## Input for this task
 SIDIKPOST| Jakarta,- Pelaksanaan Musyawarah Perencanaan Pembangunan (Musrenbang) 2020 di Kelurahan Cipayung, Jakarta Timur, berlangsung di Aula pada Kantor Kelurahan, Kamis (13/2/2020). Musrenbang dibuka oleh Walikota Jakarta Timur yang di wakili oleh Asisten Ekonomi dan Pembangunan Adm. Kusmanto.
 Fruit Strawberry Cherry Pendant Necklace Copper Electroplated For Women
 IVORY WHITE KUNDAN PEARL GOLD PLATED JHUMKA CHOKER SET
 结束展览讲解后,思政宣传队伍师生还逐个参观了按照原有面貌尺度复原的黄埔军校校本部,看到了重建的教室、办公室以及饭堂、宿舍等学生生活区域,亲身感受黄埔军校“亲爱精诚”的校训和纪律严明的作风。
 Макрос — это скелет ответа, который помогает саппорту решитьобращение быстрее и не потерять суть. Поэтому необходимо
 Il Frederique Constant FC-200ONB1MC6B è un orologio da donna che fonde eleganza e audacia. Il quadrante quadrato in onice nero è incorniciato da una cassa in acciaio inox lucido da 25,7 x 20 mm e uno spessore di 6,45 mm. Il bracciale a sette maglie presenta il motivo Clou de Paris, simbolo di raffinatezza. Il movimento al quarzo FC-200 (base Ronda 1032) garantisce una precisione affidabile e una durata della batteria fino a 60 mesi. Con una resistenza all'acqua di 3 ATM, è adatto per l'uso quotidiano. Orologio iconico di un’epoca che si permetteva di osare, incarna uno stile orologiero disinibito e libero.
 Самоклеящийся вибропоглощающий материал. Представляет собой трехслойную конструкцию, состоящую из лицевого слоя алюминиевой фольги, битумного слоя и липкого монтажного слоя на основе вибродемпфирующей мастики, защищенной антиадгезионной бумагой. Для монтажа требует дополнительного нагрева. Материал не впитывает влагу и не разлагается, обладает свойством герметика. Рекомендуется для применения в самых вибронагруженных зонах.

## Problem to solve
Set down exactly the lines that begin the records and continue through the line bearing "Макрос — это"; include both ends.

## Your response
 SIDIKPOST| Jakarta,- Pelaksanaan Musyawarah Perencanaan Pembangunan (Musrenbang) 2020 di Kelurahan Cipayung, Jakarta Timur, berlangsung di Aula pada Kantor Kelurahan, Kamis (13/2/2020). Musrenbang dibuka oleh Walikota Jakarta Timur yang di wakili oleh Asisten Ekonomi dan Pembangunan Adm. Kusmanto.
 Fruit Strawberry Cherry Pendant Necklace Copper Electroplated For Women
 IVORY WHITE KUNDAN PEARL GOLD PLATED JHUMKA CHOKER SET
 结束展览讲解后,思政宣传队伍师生还逐个参观了按照原有面貌尺度复原的黄埔军校校本部,看到了重建的教室、办公室以及饭堂、宿舍等学生生活区域,亲身感受黄埔军校“亲爱精诚”的校训和纪律严明的作风。
 Макрос — это скелет ответа, который помогает саппорту решитьобращение быстрее и не потерять суть. Поэтому необходимо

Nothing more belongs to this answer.